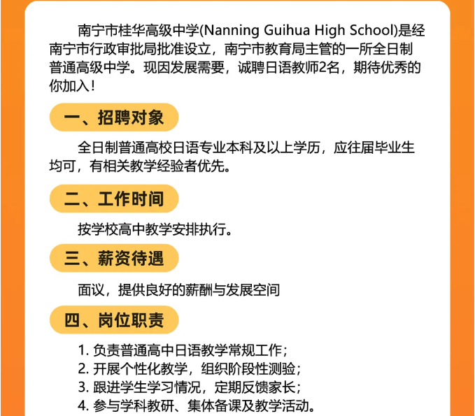 原文標(biāo)題:南寧市桂華高級中學(xué)面向社會公開招聘2名日語老師的公告
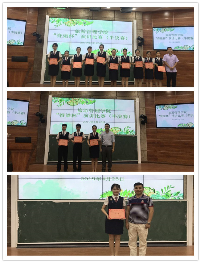 4月25日晚上19:00,公司在2-215多媒体教室举行了“脊梁杯”主题演讲比赛半决赛。经过班级初赛的选拔,共有16位选手进入到本次公司的半决赛中。担任本次半决赛的评委分别是旅游管理公司党总支符胜书记、学工办主任刘萍男老师、18级旅游管理一、二班班主任蔡家瑶老师、17旅三班班主任蓝祖庆老师以及辅导员樊靖老师。
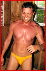 Take two hot guys, on a hot humid day, place them in a small confined space, and tell them that only one of them can walk out in glory. That's a recipe for explosive action'and AJ and Jake do not disappoint on that scale. Within seconds of circling each other, they are tearing each other's shorts off and stripping each other down to some incredibly sexy and skimpy underwear'a thong that shows off Jake's assets, a jock that leaves little to the imagination about the bounty of AJ's body. School boy pins aren't humiliating enough for these two'each in turn also yanks the other's head up by the hair into a musty, sweat-soaked crotch! And the taunts!'these two clearly want to not just defeat the other, but humiliate him!
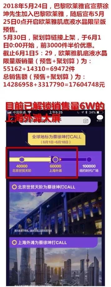 养生堂面膜的成功案例,让巴黎欧莱雅也有了底气,给259元一瓶的水晶限量版小黑瓶定出了10万的目标。截止6月1日的预定数是69472件,总销售额为17604748元。不知在618前,IKUN能否在路人们的协助下,完成品牌给金牌销售蔡徐坤制定的这个挑战粉丝经济天花板的极限销售任务。
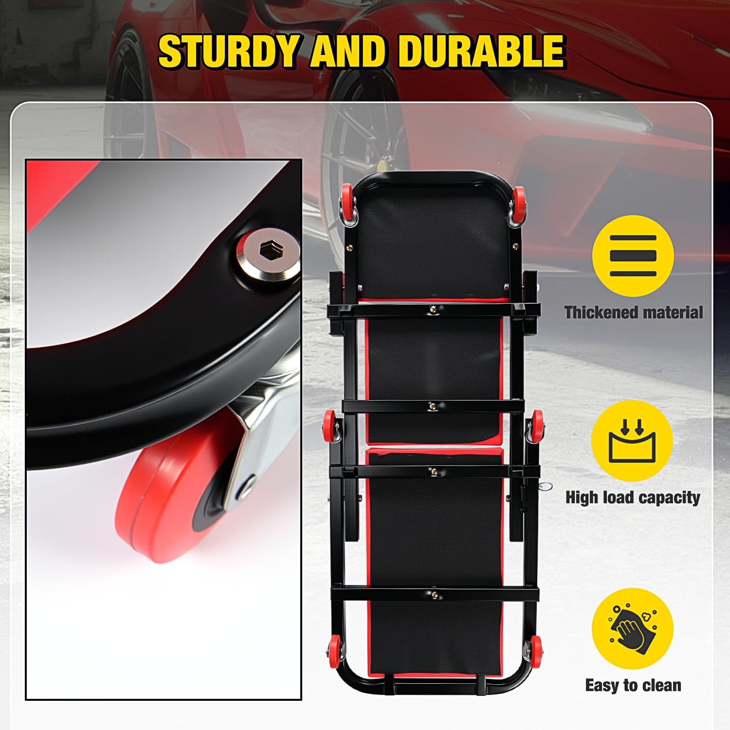 - Rugged Construction Our Garage Shop Creeper is designed with a heavy-duty steel frame for strength and durability. Standing the test of time, they provide long-lasting performance and reliability.
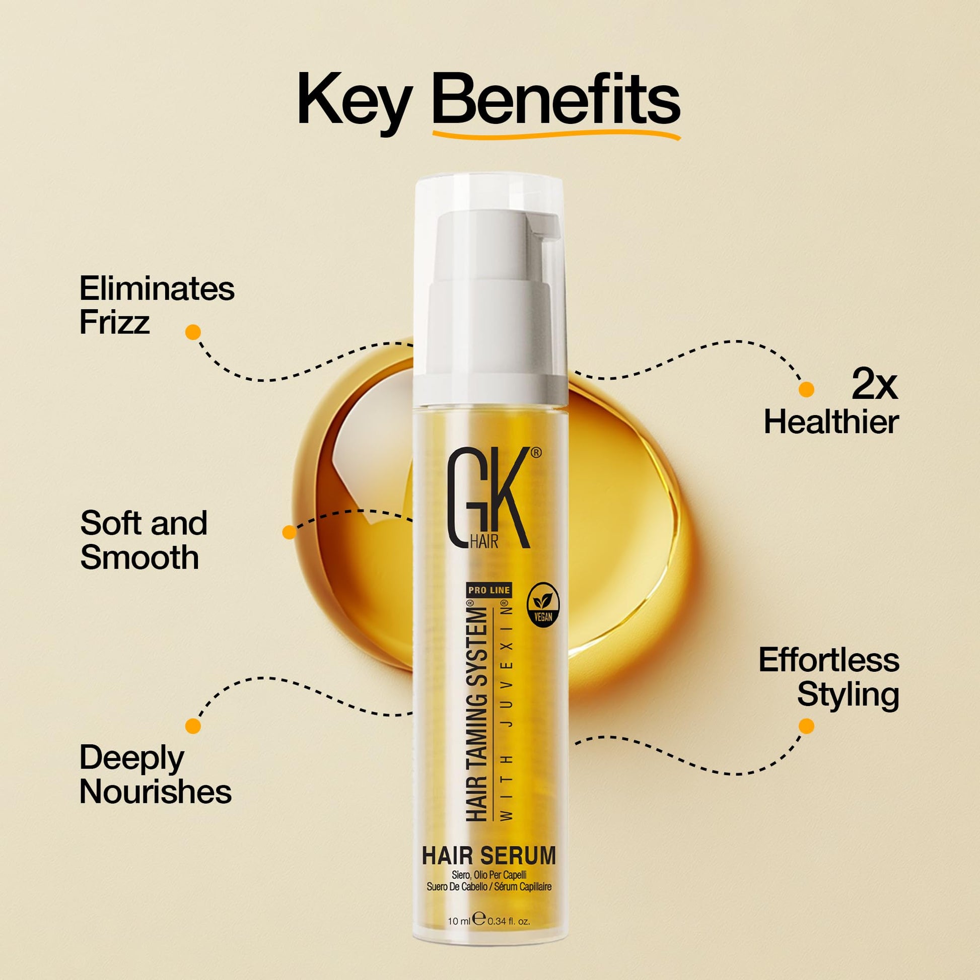 GK HAIR Global Keratin 100% Organic Argan Oil Anti Frizz Mini Serum (0.34 Fl Oz/10ml) Styling Smoothing Strengthening Hydrating & Nourishing Heat Protection Shine Frizz Control Dry Damage Hair Repair
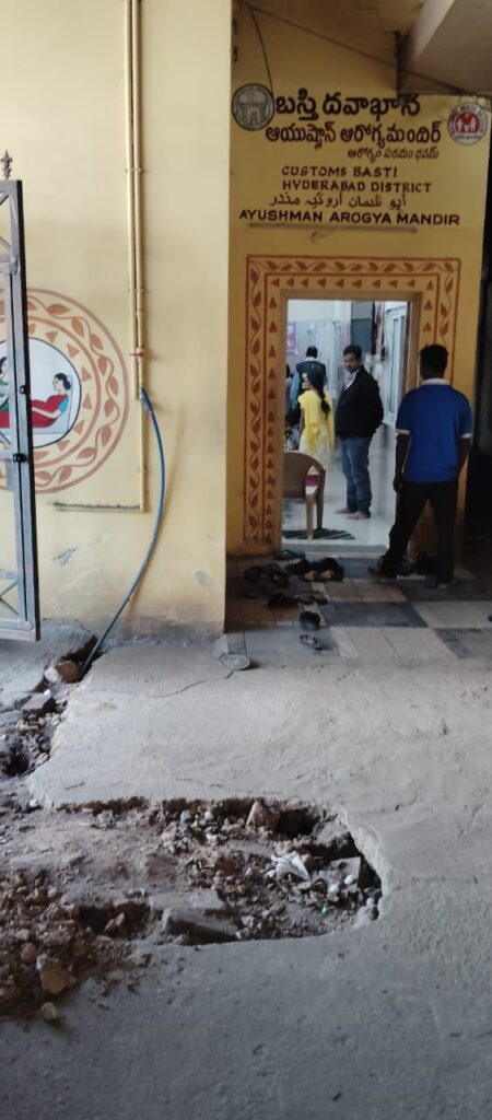 బేగంపేట ఓల్డ్ కస్టమ్స్ బస్తి బస్తీ దవాఖానా వద్ద పైపు వేసేందుకు తవ్వారు.అయితే దాన్ని పూడ్చక పోవడం తో బస్తీ దవాఖానకు వచ్చే వృద్దులు,చిన్నారులు పడిపోతున్నారు. ఈ సమస్య పై అధికారులు తక్షణమే స్పందించి తవ్విన ప్రాంతాన్ని వెంటనే పూడ్పింఛాలని స్థానిక బస్తీ వాసి వాహద్ అధికారులను కోరుతున్నారు.
====
### [ACTIVITY]
Nothing in the records should be changed in the copy, but the pictures must be left out.

### [WRITTEN REPLY]
 原文標(biāo)題:南寧市桂華高級中學(xué)面向社會公開招聘2名日語老師的公告
 4月25日晚上19:00,公司在2-215多媒体教室举行了“脊梁杯”主题演讲比赛半决赛。经过班级初赛的选拔,共有16位选手进入到本次公司的半决赛中。担任本次半决赛的评委分别是旅游管理公司党总支符胜书记、学工办主任刘萍男老师、18级旅游管理一、二班班主任蔡家瑶老师、17旅三班班主任蓝祖庆老师以及辅导员樊靖老师。
 Take two hot guys, on a hot humid day, place them in a small confined space, and tell them that only one of them can walk out in glory. That's a recipe for explosive action'and AJ and Jake do not disappoint on that scale. Within seconds of circling each other, they are tearing each other's shorts off and stripping each other down to some incredibly sexy and skimpy underwear'a thong that shows off Jake's assets, a jock that leaves little to the imagination about the bounty of AJ's body. School boy pins aren't humiliating enough for these two'each in turn also yanks the other's head up by the hair into a musty, sweat-soaked crotch! And the taunts!'these two clearly want to not just defeat the other, but humiliate him!
 养生堂面膜的成功案例,让巴黎欧莱雅也有了底气,给259元一瓶的水晶限量版小黑瓶定出了10万的目标。截止6月1日的预定数是69472件,总销售额为17604748元。不知在618前,IKUN能否在路人们的协助下,完成品牌给金牌销售蔡徐坤制定的这个挑战粉丝经济天花板的极限销售任务。
 - Rugged Construction Our Garage Shop Creeper is designed with a heavy-duty steel frame for strength and durability. Standing the test of time, they provide long-lasting performance and reliability.
 GK HAIR Global Keratin 100% Organic Argan Oil Anti Frizz Mini Serum (0.34 Fl Oz/10ml) Styling Smoothing Strengthening Hydrating & Nourishing Heat Protection Shine Frizz Control Dry Damage Hair Repair
 బేగంపేట ఓల్డ్ కస్టమ్స్ బస్తి బస్తీ దవాఖానా వద్ద పైపు వేసేందుకు తవ్వారు.అయితే దాన్ని పూడ్చక పోవడం తో బస్తీ దవాఖానకు వచ్చే వృద్దులు,చిన్నారులు పడిపోతున్నారు. ఈ సమస్య పై అధికారులు తక్షణమే స్పందించి తవ్విన ప్రాంతాన్ని వెంటనే పూడ్పింఛాలని స్థానిక బస్తీ వాసి వాహద్ అధికారులను కోరుతున్నారు.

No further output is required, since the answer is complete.